→ WHAT YOU WILL DO: Using the line with "博多駅(平日朝8時)を歩く4k virtual Fukuoka" as your starting point, transcribe it and each line beneath it word for word until the records run out, without pictures.
-- DATASET follows --
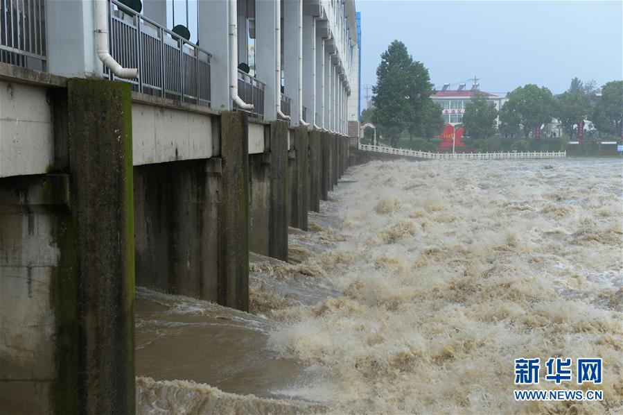 7月20日,洪水通過(guò)王家壩閘涌入蒙洼蓄洪區(qū)。當(dāng)日8時(shí)32分,淮河干流王家壩閘開閘泄洪。受近期強(qiáng)降雨影響,淮河干流王家壩站水位19日快速上漲,7月20日6時(shí)36分水位漲至29.66米,超過(guò)保證水位0.36米?;春油跫覊伍l開閘泄洪,蒙洼蓄洪區(qū)啟用。新華社記者黃博涵攝
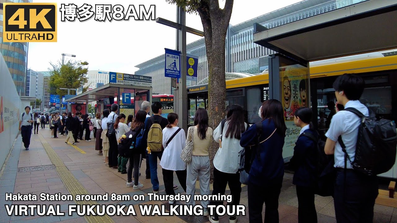 博多駅(平日朝8時)を歩く4k virtual Fukuoka japan walking tour around Hakata station
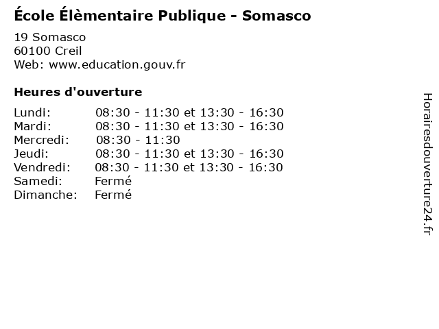 | Mardi | 08:30-11:30 et 13:30-16:30 |
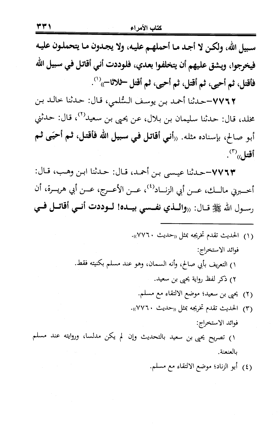 7762 - حدّثنا أحمد بن يوسف السُّلمي، قال: حدّثنا خالد بن مخلد، قال: حدّثنا سليمان بن بلال، عن يحيى بن سعيد (¬1)، قال: حدثني أبو صالح، بإسناده مثله. "أني أقاتل في سبيل الله فأقتل، ثمّ أحيَى ثمّ أقتل" (¬2).
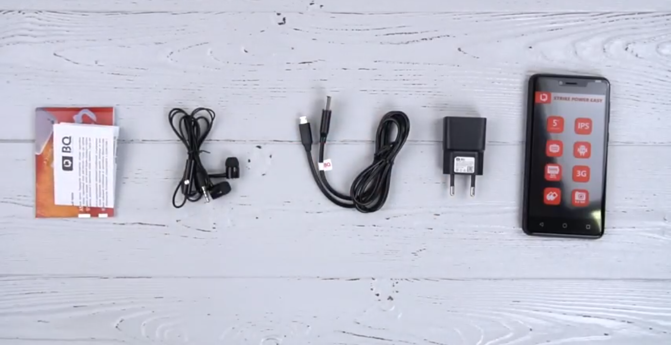 BQ-5058 Strike Power Easy berada dalam kotak kecil tapi cukup lapang. Karena ini adalah opsi anggaran, peralatan tidak "berkilau dengan cemerlang". Pengisi daya Cina lainnya, headset, dan kabel micro-USB, bersama dengan kartu garansi dan instruksi.
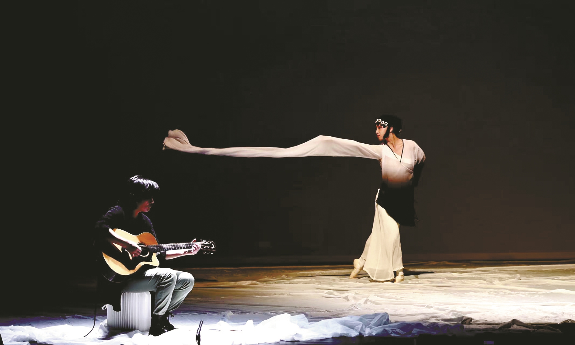 演出前,为了舞台效果和节约经费,团队扛着一块十几公斤重的白布飞往爱丁堡。舞台上,这块白布变化成水纹、群山、桌台、画轴,空处显像,实处生韵,尽显中国文化的丰富与含蓄。大鼓不方便携带,王晓菁联系了英国当地的留学生,他们在伦敦借到大鼓,坐了几个小时的火车带到爱丁堡。
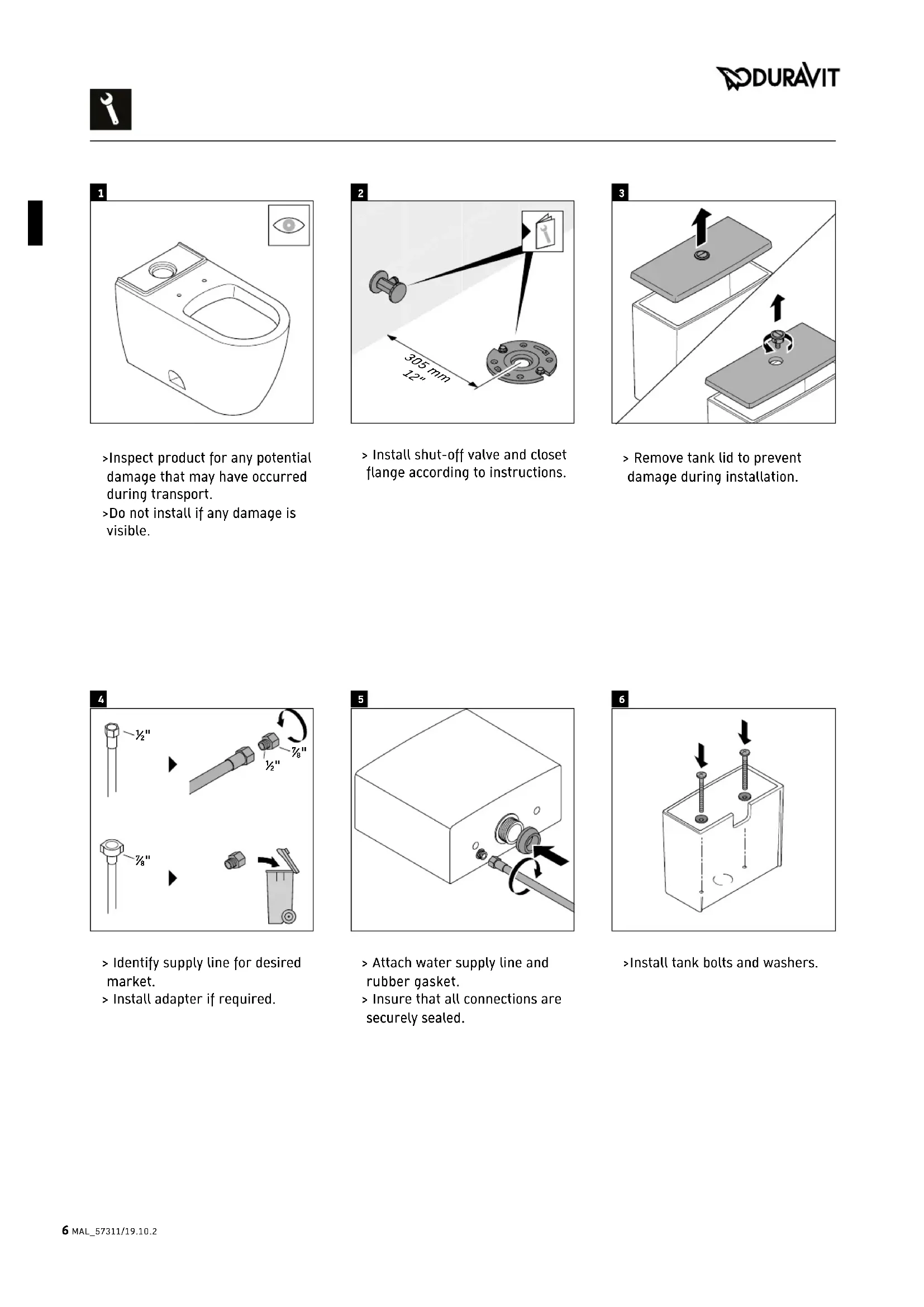 > Install tank bolts and washers. > Inspect product for any potential damage that may have occurred during transport. > Do not install if any damage is visible. > Remove tank lid to prevent damage during installation. > Identify supply line for desired market. > Install adapter if required. > Install shut-off valve and closet flange according to instructions. > Attach water supply line and rubber gasket. > Insure that all connections are securely sealed. 6 MAL_57311/19.10.2
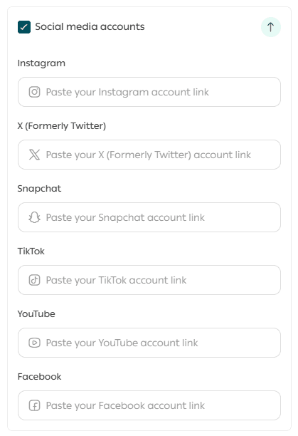 - Social media account links
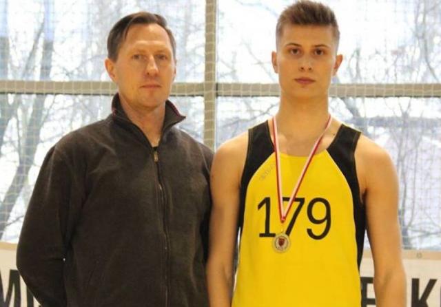 na fot.: trener Waldemar Olszyna i lekkatleta Wiktor Wachowski / UKS 12 Kalisz
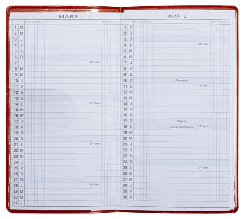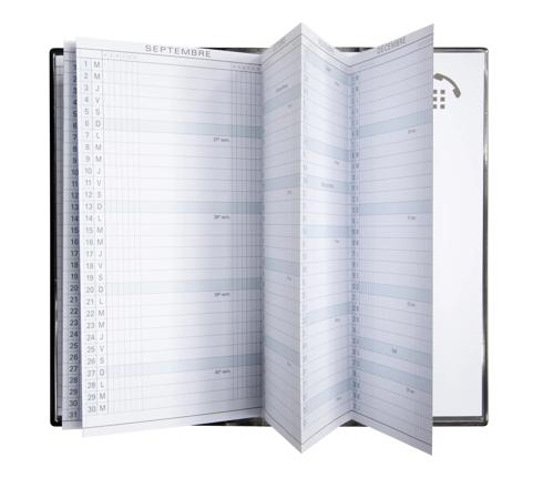 Sur chaque page de mois, il est possible de cocher des cases horaires indiquées de 8h à 19h, et de mentionner un objet sur la ligne correspondante au jour. Au dos du dépliant, il y a des indications sur : les vacances scolaires par zone, les calendriers de l'année en cours et de l'année suivante et 9 pages de notes.
-- DATASET concluded --
→ YOUR RESPONSE:
 博多駅(平日朝8時)を歩く4k virtual Fukuoka japan walking tour around Hakata station
 | Mardi | 08:30-11:30 et 13:30-16:30 |
 7762 - حدّثنا أحمد بن يوسف السُّلمي، قال: حدّثنا خالد بن مخلد، قال: حدّثنا سليمان بن بلال، عن يحيى بن سعيد (¬1)، قال: حدثني أبو صالح، بإسناده مثله. "أني أقاتل في سبيل الله فأقتل، ثمّ أحيَى ثمّ أقتل" (¬2).
 BQ-5058 Strike Power Easy berada dalam kotak kecil tapi cukup lapang. Karena ini adalah opsi anggaran, peralatan tidak "berkilau dengan cemerlang". Pengisi daya Cina lainnya, headset, dan kabel micro-USB, bersama dengan kartu garansi dan instruksi.
 演出前,为了舞台效果和节约经费,团队扛着一块十几公斤重的白布飞往爱丁堡。舞台上,这块白布变化成水纹、群山、桌台、画轴,空处显像,实处生韵,尽显中国文化的丰富与含蓄。大鼓不方便携带,王晓菁联系了英国当地的留学生,他们在伦敦借到大鼓,坐了几个小时的火车带到爱丁堡。
 > Install tank bolts and washers. > Inspect product for any potential damage that may have occurred during transport. > Do not install if any damage is visible. > Remove tank lid to prevent damage during installation. > Identify supply line for desired market. > Install adapter if required. > Install shut-off valve and closet flange according to instructions. > Attach water supply line and rubber gasket. > Insure that all connections are securely sealed. 6 MAL_57311/19.10.2
 - Social media account links
 na fot.: trener Waldemar Olszyna i lekkatleta Wiktor Wachowski / UKS 12 Kalisz
 Sur chaque page de mois, il est possible de cocher des cases horaires indiquées de 8h à 19h, et de mentionner un objet sur la ligne correspondante au jour. Au dos du dépliant, il y a des indications sur : les vacances scolaires par zone, les calendriers de l'année en cours et de l'année suivante et 9 pages de notes.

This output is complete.